The following three aspects are focused on this study: (1) Regard network traffic as network behavior and propose the definition and measurement method of network behavior risk. Through traffic analysis, carry out risk measurement and realize the quantitative analysis of network behavior. (2) Use the local linear embedding dimension reduction algorithm of manifold learning to reduce the dimension of the index. (3) Apply the differential manifold theory to network security measurement. With the help of differential manifold theory, the description of the security state of the whole network system can be transformed into the change of the state in the high-dimensional manifold composed of network indicators, and then the network security activities are abstracted in the high-dimensional space to calculate the network behavior risk value.
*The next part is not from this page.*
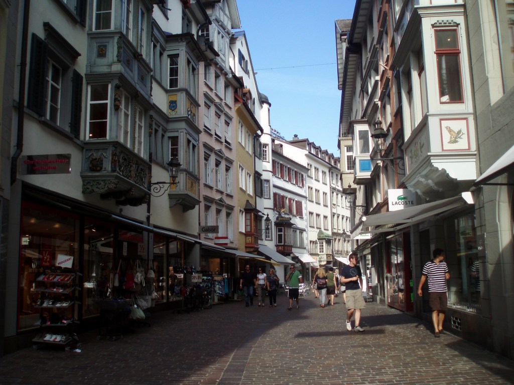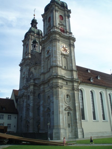 We arrived in St. Gallen around 4pm and our host, Cristof, picked us up from the train station – which was awesome! It’s the first time anyone has done that for us this entire trip! We relaxed a little bit at the flat before venturing out. We had plans to meet Roger – a friend of Zach’s dad – at seven so we wandered around the town a little bit. It’s surreal. Everything looks so quintessentially Swiss. We walked inside the main cathedral – wow. It’s one of the most beautiful churches we have been in so far. We walked in during a service so I didn’t take any pictures, but we will go back before we leave.
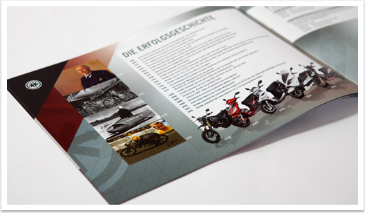 Unser Kunde Kreidler geht im Jahr 2015 mit einer komplett überarbeiteten Produktpalette im Segment Motorfahrzeuge an den Start. Selbstverständlich wurde auch der Katalog entsprechend angepasst. Auf Grundlage des Kataloges der Saison 2014 wurde das Designkonzept überarbeitet. Sämtliche Bilder und Texte der unterschiedlichen Produktkategorien für die neue Kollektion wurden neu erstellt und entsprechend implementiert.

This study focuses on the method of measuring network behavior risk by differential manifold but still has some limitations including (1) When it comes to the measurement of the network security, less attention is paid to the measurement of other indicators such as the vulnerability of the network itself, while more attention is paid to the drastic changes of indicators in network attack and defense. The follow-up research needs to add the measurement of assets and network vulnerability on the basis of the existing network activity measurement. (2) Use the dimension reduction method of local linear embedding to reduce the dimension of data. The performance of the local linear embedding algorithm mainly depends on the selection of nearest neighbor number. A large number of nearest neighbors will cause the smoothness of manifold, and too few nearest neighbors may divide disjointed submanifolds. The subsequent research on dimension reduction parameters can optimize the measurement method and improve the measurement accuracy.

Data Availability

CIC-IDS-2017 public data set is provided by Canadian Institute of cyber security.

Conflicts of Interest

The authors declare that they have no conflicts of interest.

Acknowledgments

The authors would like to thank for CIC-IDS-2017 public data set provided by Canadian Institute of cyber security. This work was supported by the National Key Research & Development Program of China (2020YFB1712104) and Major Scientific and Technological Innovation Projects of Shandong Province (2020CXGC010116).